#### [TASK]
Starting with the line below that holds "数多くある家紋の中から『七つ" and stopping after the line that holds "Apunts en català", transcribe the lines exactly, leaving out all pictures.

#### [EXERCISE DATA]

%%

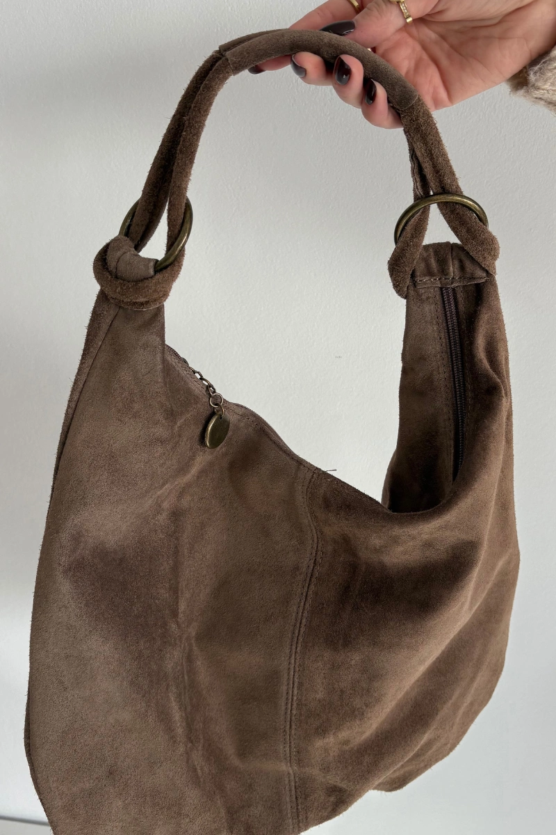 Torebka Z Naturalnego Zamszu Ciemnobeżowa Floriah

%%
%%

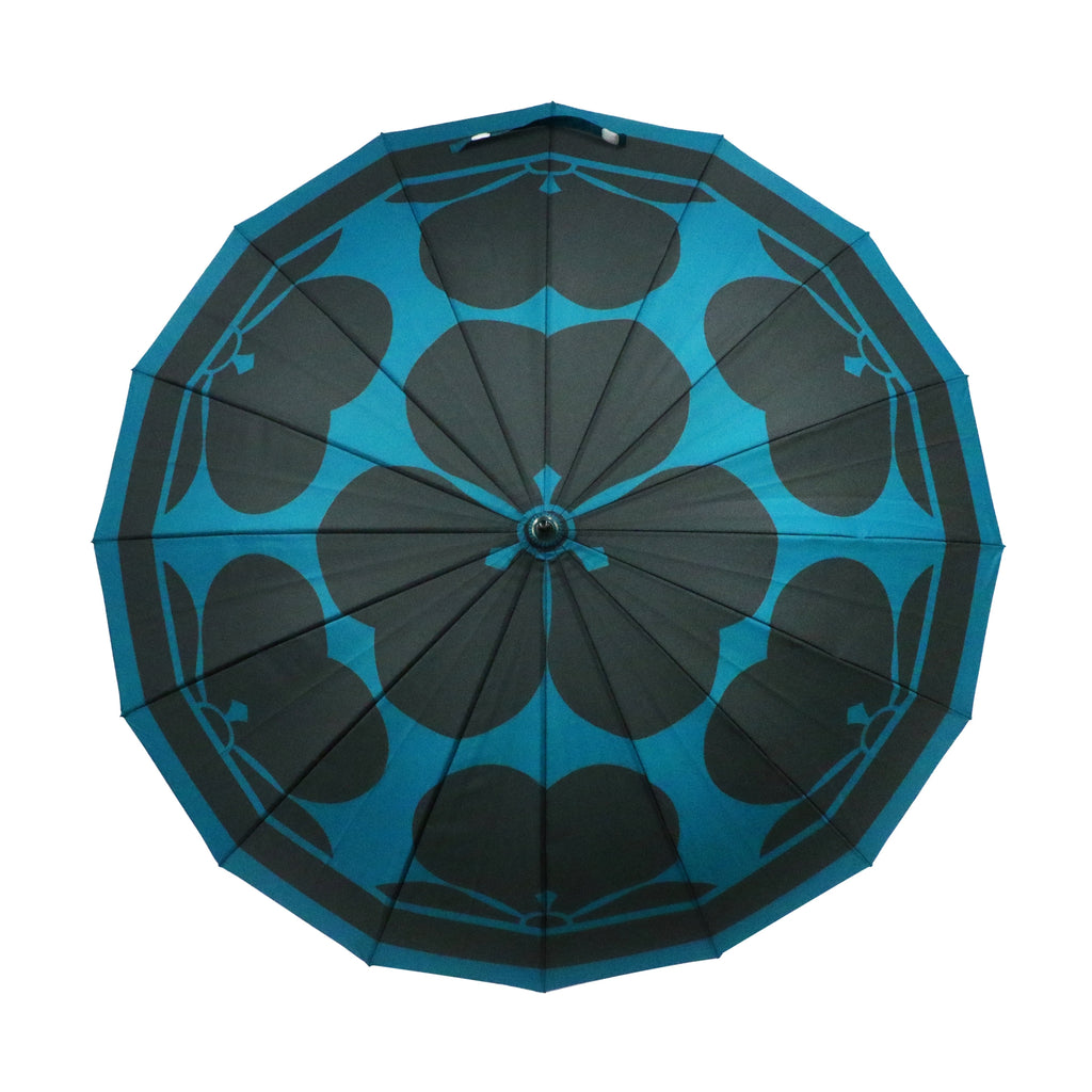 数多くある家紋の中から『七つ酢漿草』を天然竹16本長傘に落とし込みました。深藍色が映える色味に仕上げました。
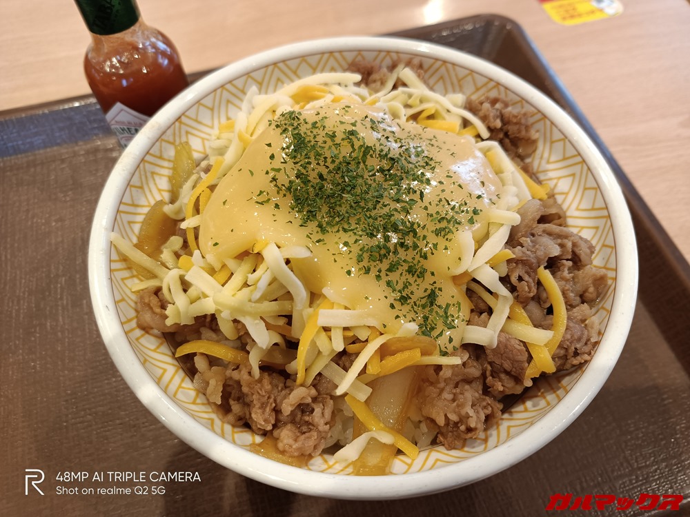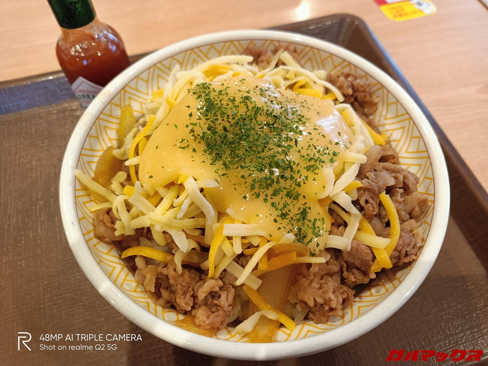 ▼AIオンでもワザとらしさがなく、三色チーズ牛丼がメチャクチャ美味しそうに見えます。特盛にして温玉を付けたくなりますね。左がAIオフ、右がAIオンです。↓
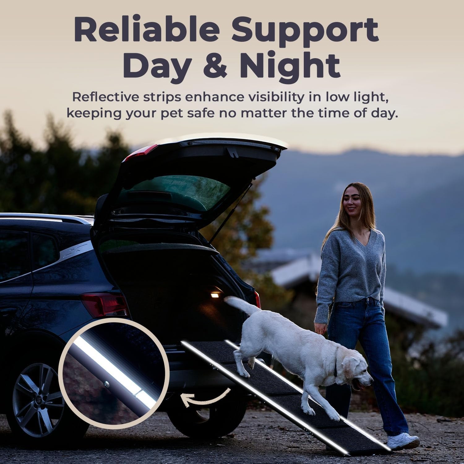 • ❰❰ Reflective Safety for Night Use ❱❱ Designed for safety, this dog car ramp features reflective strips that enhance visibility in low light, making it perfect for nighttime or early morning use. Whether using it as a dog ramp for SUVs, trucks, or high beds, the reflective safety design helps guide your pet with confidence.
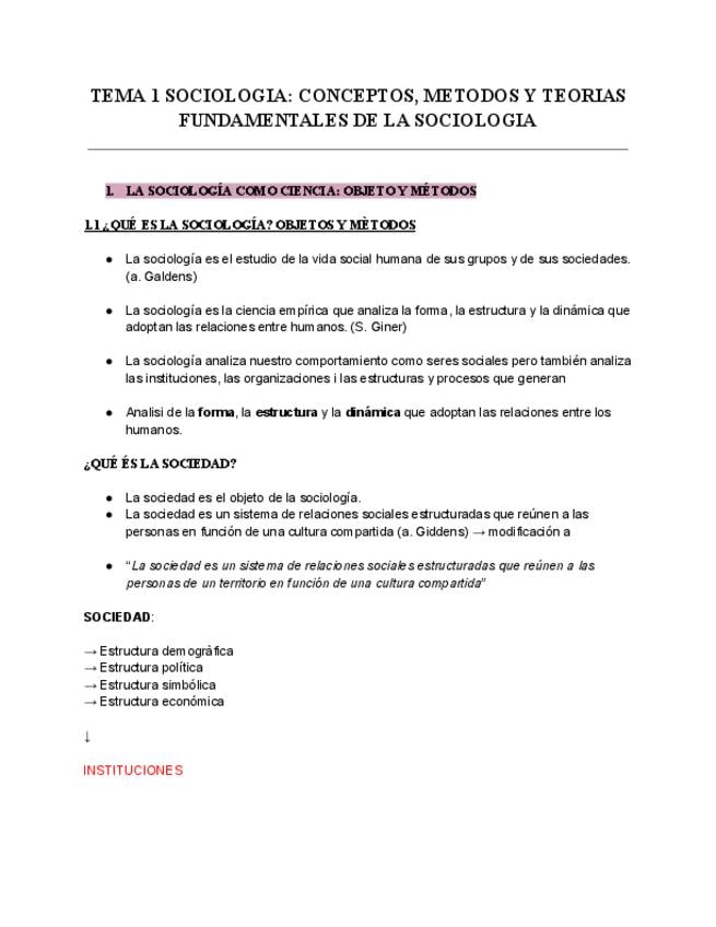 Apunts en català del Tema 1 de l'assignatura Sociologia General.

%%

#### [ANSWER SPACE]
 数多くある家紋の中から『七つ酢漿草』を天然竹16本長傘に落とし込みました。深藍色が映える色味に仕上げました。
 ▼AIオンでもワザとらしさがなく、三色チーズ牛丼がメチャクチャ美味しそうに見えます。特盛にして温玉を付けたくなりますね。左がAIオフ、右がAIオンです。↓
 • ❰❰ Reflective Safety for Night Use ❱❱ Designed for safety, this dog car ramp features reflective strips that enhance visibility in low light, making it perfect for nighttime or early morning use. Whether using it as a dog ramp for SUVs, trucks, or high beds, the reflective safety design helps guide your pet with confidence.
 Apunts en català del Tema 1 de l'assignatura Sociologia General.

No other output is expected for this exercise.